7. The Distribution Agreements have been duly authorized, executed and delivered by the Company and the Operating Partnership. The Operating Partnership Agreement constitutes the valid and binding obligation of each of the Company and the Operating Partnership, enforceable against each of the Company and the Operating Partnership in accordance with its terms.
8. No consent, approval or authorization of, filing with or order of any court or governmental agency or body in the State of Maryland is required in connection with the transactions contemplated by the Distribution Agreements, except such as have been obtained or made.

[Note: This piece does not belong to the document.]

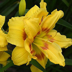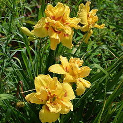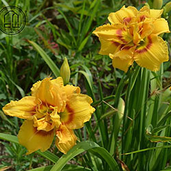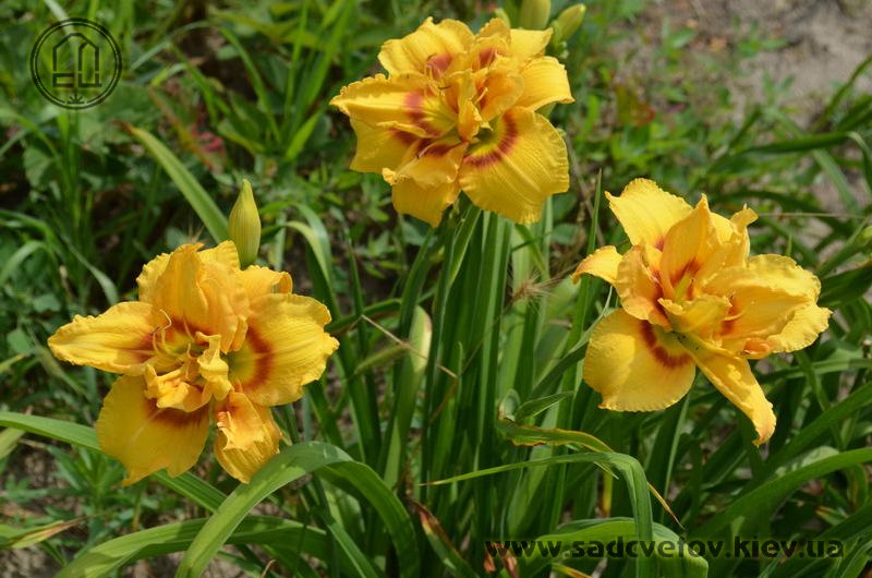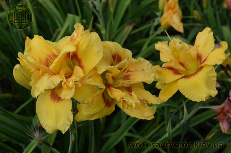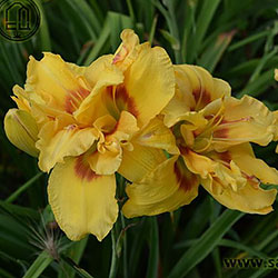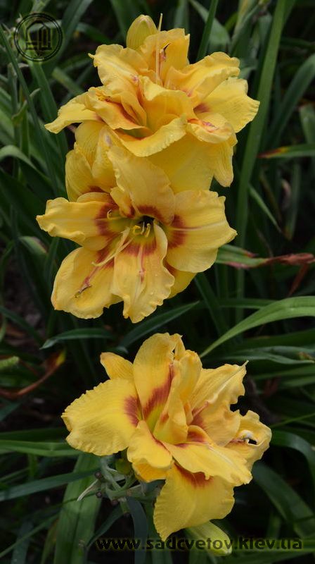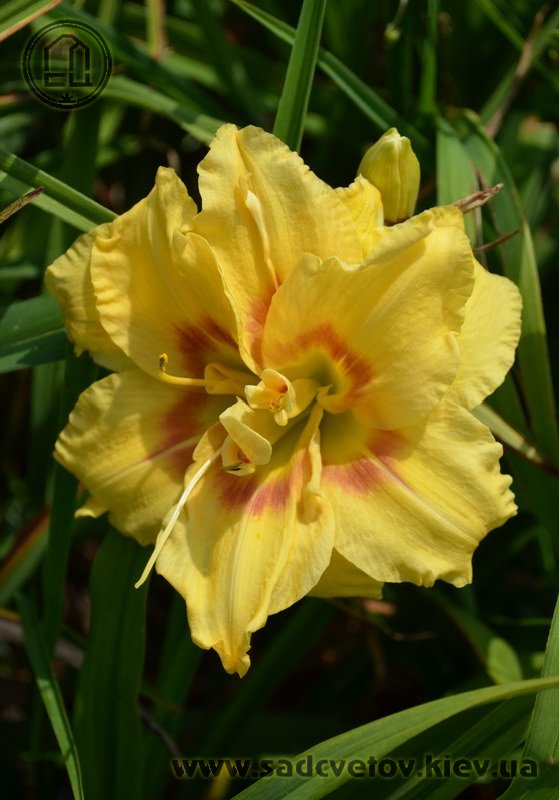 Кремово-жовтий махровий гігант з червоно-коричневим оком і жовто-зеленим горлом.

9. Neither the execution and delivery of the Distribution Agreements, nor the sale and issuance of the Shares, nor the consummation of the transactions contemplated in the Distribution Agreements, nor the fulfillment of the terms of the Distribution Agreements, will conflict with or result in a breach or violation of (a) the Charter or Bylaws or the Operating Partnership Agreement or (b) any Maryland statute or law or any rule, regulation, judgment,
order or decree applicable to the Company or the Operating Partnership of any court, regulatory body, administrative agency, governmental body or other authority of the State of Maryland having jurisdiction over the Company or the Operating Partnership or any of their properties.
EXHIBIT C
Form of Tax Counsel Opinion
1. Commencing with its taxable year ending December 31, 2004, the Company has been organized in conformity with the requirements for qualification as a real estate investment trust (a “REIT”) under the Internal Revenue Code of 1986, as amended (the “Code”), and its proposed method of operation will enable it to meet the requirements for qualification and taxation as a REIT under the Code;
2. The statements in the Prospectus under the heading “United States Federal Income Tax Considerations” as supplemented by the statements in the Form 8-K under the heading “Supplemental United States Federal Income Tax Considerations,” insofar as such statements purport to summarize certain provisions of the statutes or regulations referred to therein, are accurate summaries in all material respects; and
3. The statements in the Prospectus under the heading “Restrictions on Ownership and Transfer,” insofar as such statements purport to summarize certain United States federal income tax statutes or regulations referred to therein, are accurate summaries in all material respects.